Neuroscience studies lead graduate to oral surgeon office

Kyrstin Gee '18 focuses her strengths and interests as she gains valuable credentials for medical fields in a job she loves

November 19, 2020
Mark Tarnacki
Staff Writer

All of her young life growing up outside Chicago and later in high school attending a Maine boarding school as a top alpine ski racer, Kyrstin Gee ’18 felt drawn to the medical sciences in a general way, though she lacked a precise vision of what that might look like for her as a post-college career, even as she studied first chemistry and then neuroscience as her Saint Michael’s majors.

Kyrstin Gee

Kyrstin Gee ’18 wears head-covering like this as do other professionals in the Colchester oral surgery practice where she is gaining valuable experience.

Today Gee says she is grateful for a “total whim” in her extensive job-application process as a senior in 2018 that led her to apply “as a long-shot” for a position right across Route 15 from campus in the Fanny Allen complex offices of Vermont Center for Dental and Maxillofacial Surgery. Her work there for the past two years as surgical assistant and implant coordinator has been an education and inspiration, she says, helping her focus her strengths and interests.

“I definitely now see myself being hands-on inpatient care and definitely want to be involved face-to-face working with patients since I love working with people, and in particular working with kids,” said Gee, who is in no real hurry to take whatever her next career step might be since she enjoys her present work so much. “I know now that I don’t’ want to be a person behind the desk.”

Gee feels that her optimistic and upbeat social personality is a strength in a medical setting, and is something that the friendly and supportive close community culture at Saint Michael’s nurtured, pointing to the many ways that a college career can prepare a person for later life well beyond just academics.

“I had some really great teachers at St. Mike’s who encouraged me to be self-sufficient and go after what I want, even if something feels like a reach,” said Gee, who mentioned one mentor in particular, biology Professor Ruth Fabian-Fine. “I did research with her on spiders with a group, and we had a very close relationship – she was super encouraging, which was a theme with all my teachers at Saint Michael’s.

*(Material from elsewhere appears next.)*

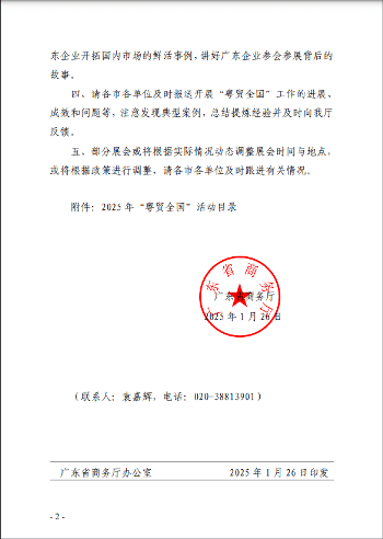 2025年2月7日,广东省商务厅关于印发2025年“粤贸全国”活动目录的通知,2025DMP 大湾区工业博览会入选2025年“粤贸全国”活动目录。

Everyone there wants you to try your best and roots for you, so I feel like I have a giant cheerleader squad!” Her work with Fabian-Fine included having a manuscript published in a scientific journal along with other research students on their work – “so I had another great thing added to my resume – published medical literature, which is an incredible thing for an undergraduate to be able to do.”

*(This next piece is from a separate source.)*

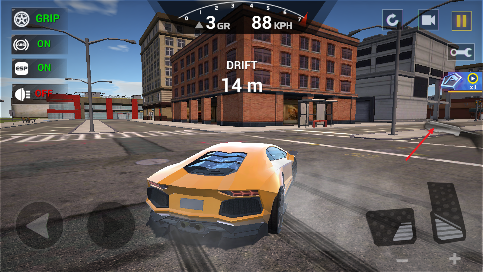 3、右侧还有手刹,转向的时候点击还能使出漂移哦。

Gee said she was motivated to find work in the area since her boyfriend, also a Saint Michael’s graduate, remains in the area and they share a residence locally with other fellow alumni. Also, Gee’s brother, James, is a senior in the Class of 2021 at Saint Michael’s, and has similar interests in possible medical careers. She said their proximity to one another is especially nice for her since they shared one year as students together at Saint Michael’s, giving them a chance to grow closer after spending their teen years apart at different boarding schools.

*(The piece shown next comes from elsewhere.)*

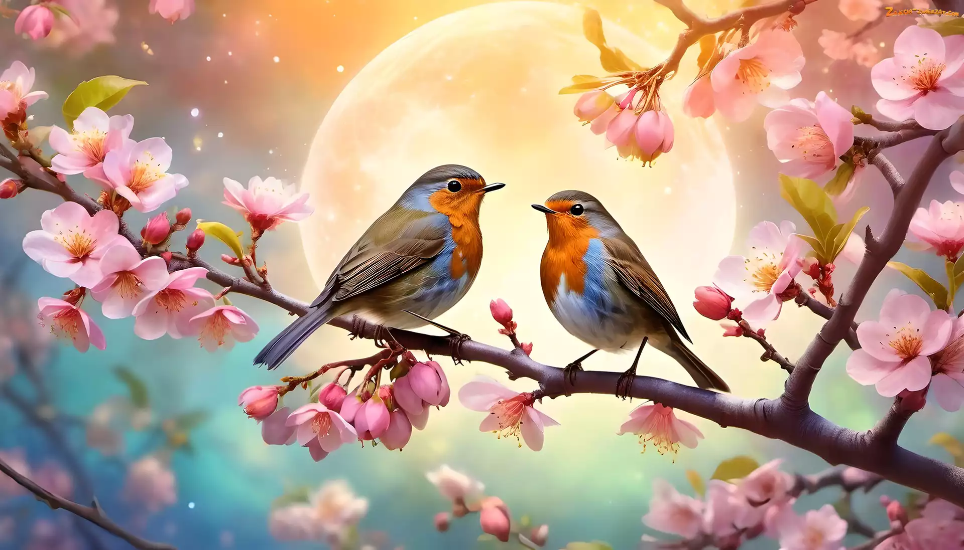 Zdjęcie: Kwiaty, Ptaki, Dwa, Rudziki, Gałązka, Różowe

“I advise him to learn from experience and see where it takes you; for myself, I was worried about committing to something I wasn’t prepared for since in graduate school you have to pick a specialty and I was afraid I was going to pick something and then hate it a few years into it – so I thought I’d put my feet somewhere to experience dealing with medical things to see what I liked and didn’t like … and when I gave this advice to my brother, it made sense to him, too.”

An added benefit for Gee of working at the oral surgeon office has been the specialized training she has been able to attain at no additional personal cost. “I got my phlebotomy license and now can do IV’s and take blood, and I got my radiology license through them as well so I can take X-rays and review radiographs. They send us to classes to make sure we know what we’re doing here when we get involved with patients.” She also just was certified for dental anesthesia.CAreer

Gee said the Saint Michael’s Career Education Center was a great resource for her as she began her job hunt. “I met with Tim Birmingham from the Center and we chatted about what sort of things I was interested in – physician’s assistant, or maybe nursing – and the conversation was super helpful, but then the pandemic happened and led me to take another path. At the time it was a great resource to bounce ideas off him,” she said.

Also beyond the classroom, Gee said her experience with skiing at Saint Michael’s also helped her learn more about herself and her interests. Her first two years, she skied for the College varsity alpine team, but for her last two years she wanted to focus more on her studies, and so left the team, though finding time still to teach and coach youth skiers at local high schools and Smuggler’s Notch, which made her realize how much she loves working with kids.

“I think society puts a lot of pressure on people to choose a career too early sometimes, especially college students — but a lot of life just comes from experience, and you don’t know how you’re going to react or feel with something until you get some experience in some area you think you’d like to be in,” Gee said. “So I’d advise students who are thinking about jobs and careers to test the waters, but don’t feel you have to commit at this point, because we’re young and have lots of time.”